Then there’s the public school system, one of government’s chief responsibilities, but most voters think the majority of high school graduates today don’t have the skills for either college or the workforce

Working Americans overwhelmingly (85%) still consider themselves middle class, including 19% who describe themselves as upper middle class. But more voters than ever (67%) say the U.S. economy is unfair to the middle class.

Consumer and investor confidence have not improved.

Fortunately for the country, Americans are a resilient people: Most still think their lives are good despite all this negativity.

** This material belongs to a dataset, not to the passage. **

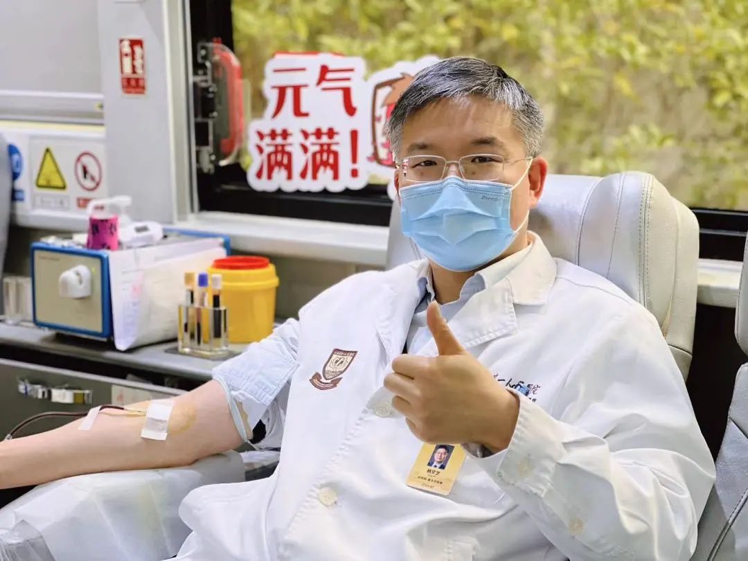 ▲ 新增的采血点位,得到了上海市第一人民医院医护人员的大力支持。图为市一医院心内科医生杨文艺利用午休时间来献血。

In other surveys last week:

— Voters still aren’t sold on Obamacare’s individual insurance mandate.

Most Americans say President Obama does not deserve the Nobel Peace Prize he won in 2009. The president’s daily job approval ratings still linger around the -20 mark.

— Though the recent security lapses by the Secret Service have been highly publicized, many voters think they are just the tip of the iceberg.

— Despite ongoing pro-democracy protests in Hong Kong, voters don’t think the U.S. government should get involved. But most also agree that the United States overlooks many abuses by the Chinese government because of that country’s economic power.

Does America think college campuses can ever be made safe from sexual assault? 

Flu season is back, and more Americans than ever (58%) plan to get a flu shot this year.

— Voters are slightly more accepting of women and gay and lesbian soldiers.

Most Americans exercise at least once a week and believe it’s important for a healthy life.